Andaba a caza de un filtro; de un filtro de amor; de uno de esos filtros que ponen en los libros ocultistas


«Para obtener los favores de una dama tómese una onza y media de azúcar cande, pulverícese groseramente en un mortero nuevo haciendo esta operación en viernes por la mañana, diciendo a medida que machacaréis: abraxas abracadabra. Mezclad este azúcar con medio cuartillo de vino blanco bueno; guardar esta mezcla en una cueva oscura por espacio de 27 días; cada día tomad la botella que no ha de estar enteramente llena, y la menearéis fuerte por espacio de 52 segundos diciendo abraxas. Por la noche haréis lo mismo pero durante 53 segundos y tres veces diréis abracadabra. Al cabo del 27 día…».

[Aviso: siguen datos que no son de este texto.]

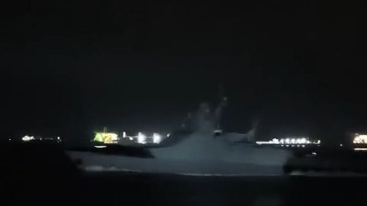 Появилось видео атаки морских дронов на российский корабль "Сергей Котов" в ночь на 5 марта.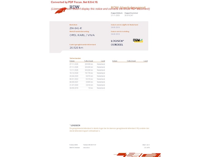 Kilometerstand gecontroleerd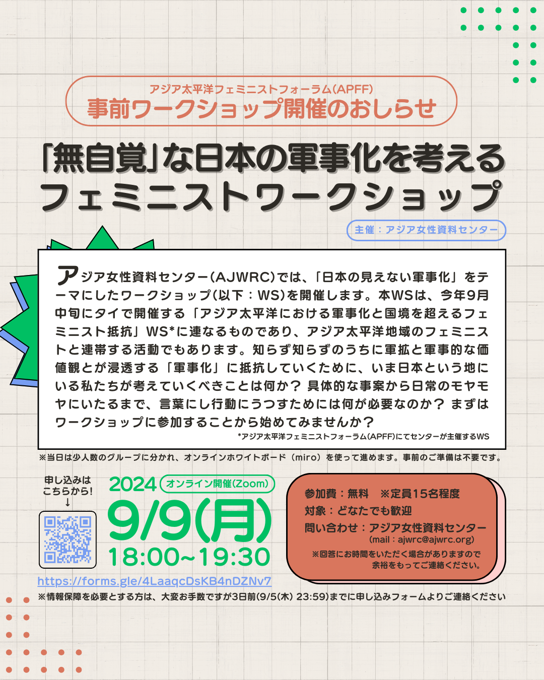 【報告会】10/16(木) APWLD地域会議報告会──アジア太平洋における軍事主義・帝国主義とフェミニスト抵抗 |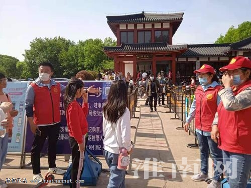 當天下午,在景區參加志愿服務的淮南市義工聯合會西部分站站長蘇軍向淮河早報、淮南網記者介紹,從5月1日至5日,整個“五一”假期,志愿者每天從早上8時到下午5時,一直堅守在八公山風景區入口,在共青團八公山區委的帶領下,開展登記、測體溫、維持秩序等志愿服務。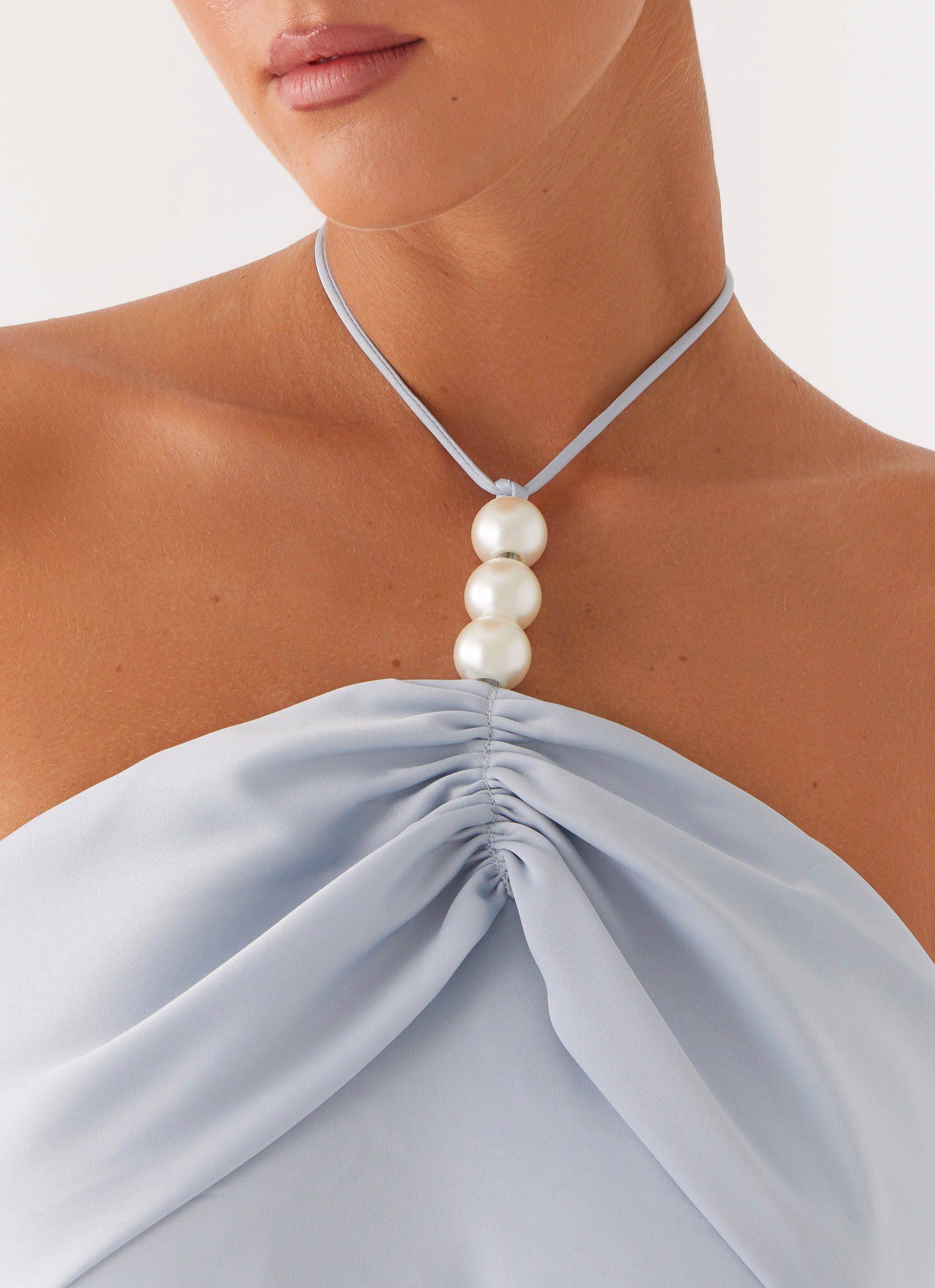 The Cecelia Mini Dress features a chic halter neckline adorned with beaded straps, adding a touch of elegance and sparkle. Perfect for evening events or a night out, this dress combines style and sophistication with a flattering silhouette.

Pero este muchacho no estaba al tanto de los grandes secretos ocultistas y buscaba una bruja que le confeccionara la bebida maravillosa.

Si yo lo sé, lo evito a todo trance.

Bastaba con facilitarle los «ADMIRABLES SECRETOS» DE ALBERTO EL GRANDE y el HEPTAMERÓN compuesto por el famoso mágico Cipriano e impreso en Venecia el año de 1792 por Francisco Succoni. Lo de los filtros es elementario en ciencias mágicas.

Pero el atolondrado no pregunta; no consulta con los entendidos; no avisa siquiera a nadie: va en busca de una bruja; da con una, flaca y barriguda como una tripa inflada a la mitad; se lo cuenta todo, y la bruja se enamora de él.

¡Ah, bruja pícara! Dizque le decía, babosa y arrugada:

—Mi bonito, le vamos a dar una bebida que le caiga al pelo.

Y le mandaba ir todos los días. Y le metía las manos entre los sobacos. Y le acercaba mucho a la cara su espléndida nariz; su espléndida nariz borbona, ancha, colorada, ganchuda, acatarrada.

Yo no sé como la bruja no hizo una barbaridad, como a darle a beber del filtro.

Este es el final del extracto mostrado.